После чего отойдет к солдатам, которых подговорил на восстание. И как только колчаковцы задержат первого мужика, чтоб отправить на сборню, Мария выстрелит в ближнего колчаковца, крикнет: «Эй, мужики! Бабы, что ли, станут вас от насильников оборонять? Бейте гадов, не давайтесь им в лапы!»
По этому сигналу разведчики откроют по карателям огонь. Солдаты во главе с тем товарищем — тоже. И, заслышав стрельбу, сразу ударят со всех четырех сторон партизаны.

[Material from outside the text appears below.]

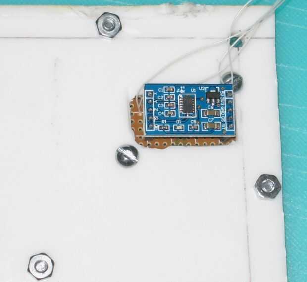 Luego tuve que hacer un recorte para el acelerómetro tablero de montaje. Con el CD de montar adjunto, colocado la Junta cerca del punto de pivote. Tengo el acelerometro orientado, East-West es 'X' y de norte a sur es 'Y'. 'Z' no se usa pero sería arriba-abajo.

Обдумано было все основательно. И, вполне возможно, все пошло бы по плану, если бы не Мария…
На ярмарку пасечник с Марией прибыли вполне благополучно. Остановились с медом, как и намечалось, рядом с другими возами, но так, чтоб при случае немедля подхлестнуть коня и ускакать в ближний переулок.
Не успел пасечник открыть бочонок, не успел подойти тот товарищ и завязать условленный разговор, как Мария услышала собственное имя. Вблизи выцыганивала табак группа солдат. Полный мешок табаку-самосаду привез маленький, юркий мужичонка с дородной своей бабой. И солдаты зубоскалили:
— А твою бонбу-бабу не Марьей, случаем, кличут? Чего-то ты трясешься, прямо с однова оглядываешься. Будто она тебе голову могет открутить…
— Ну, эта Марья другой породы. Та единым взглядом могет убить, а у этой глаз коровий…
— И корова пырнет рогом — кишки выпустит, — огрызнулась баба.